§ THE TASK
Print only the lines below, from the very first to the one containing "豆まきは、子供達手づくりの入", exactly as they stand. Do not print pictures.

** GIVEN DATA follows **

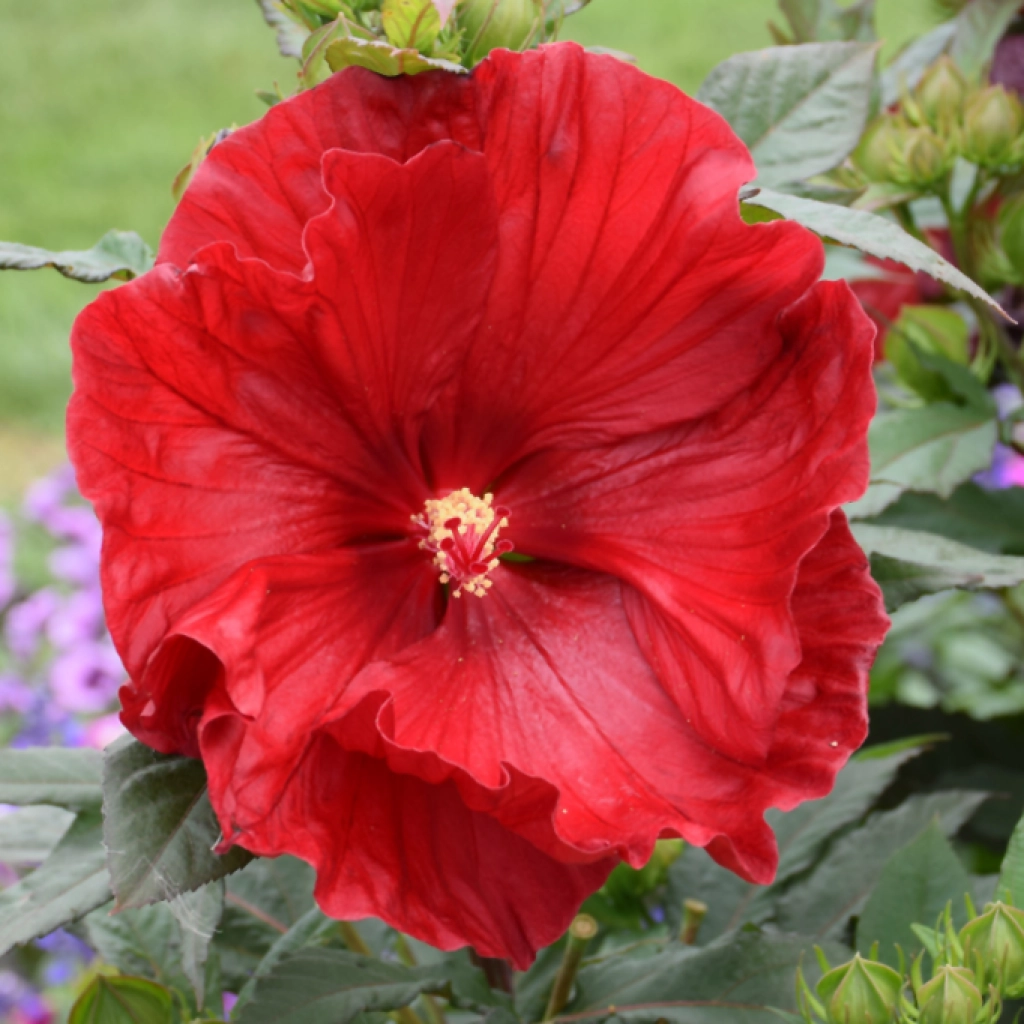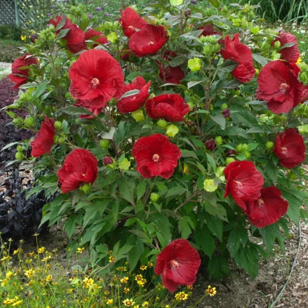 Ez a hibiszkusz fajta nagy, 15–20 cm-es, enyhén csészés alakú virágokat hoz, élénk skarlátvörös színben, közepükön hangsúlyos sárga porzóval. Virágzása hosszan tart, a nyár közepétől egészen az első őszi fagyokig. Virágai mágnesként vonzzák a pillangókat és a méheket. Tavasszal a friss hajtások bronzos-réz színben jelennek meg, majd a levelek zöldre váltanak, enyhe lilás beütéssel, sűrű és fényes lombot alkotva. Napos fekvést és jó vízáteresztő talajt igényel.
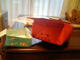 豆まきは、子供達手づくりの入れ物に豆を入れて、パパおにに向かって「おにはそとー!」
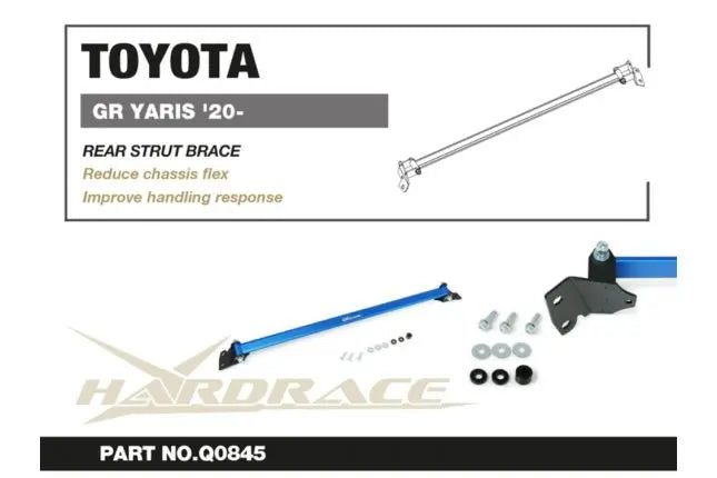 Hardrace teatab uhkusega GR Yarise tagumise vedrustuse tugivarda lisamisest. Tugivarda tugivarda on valmistatud alumiiniumsulamist kesklatist, mis tagab äärmiselt kerge kaalu ja suurepärase tugevuse. Tugivarraste tornide kokkusidumisega kõrvaldab tugivarras kere külgmised läbipainded ja säilitab õige vedrustuse geomeetria suurel kiirusel ja järskudel kurvides, pakkudes täpsemat ja sujuvamat juhitavust.

** End of GIVEN DATA **

§ EXPECTED OUTPUT
 Ez a hibiszkusz fajta nagy, 15–20 cm-es, enyhén csészés alakú virágokat hoz, élénk skarlátvörös színben, közepükön hangsúlyos sárga porzóval. Virágzása hosszan tart, a nyár közepétől egészen az első őszi fagyokig. Virágai mágnesként vonzzák a pillangókat és a méheket. Tavasszal a friss hajtások bronzos-réz színben jelennek meg, majd a levelek zöldre váltanak, enyhe lilás beütéssel, sűrű és fényes lombot alkotva. Napos fekvést és jó vízáteresztő talajt igényel.
 豆まきは、子供達手づくりの入れ物に豆を入れて、パパおにに向かって「おにはそとー!」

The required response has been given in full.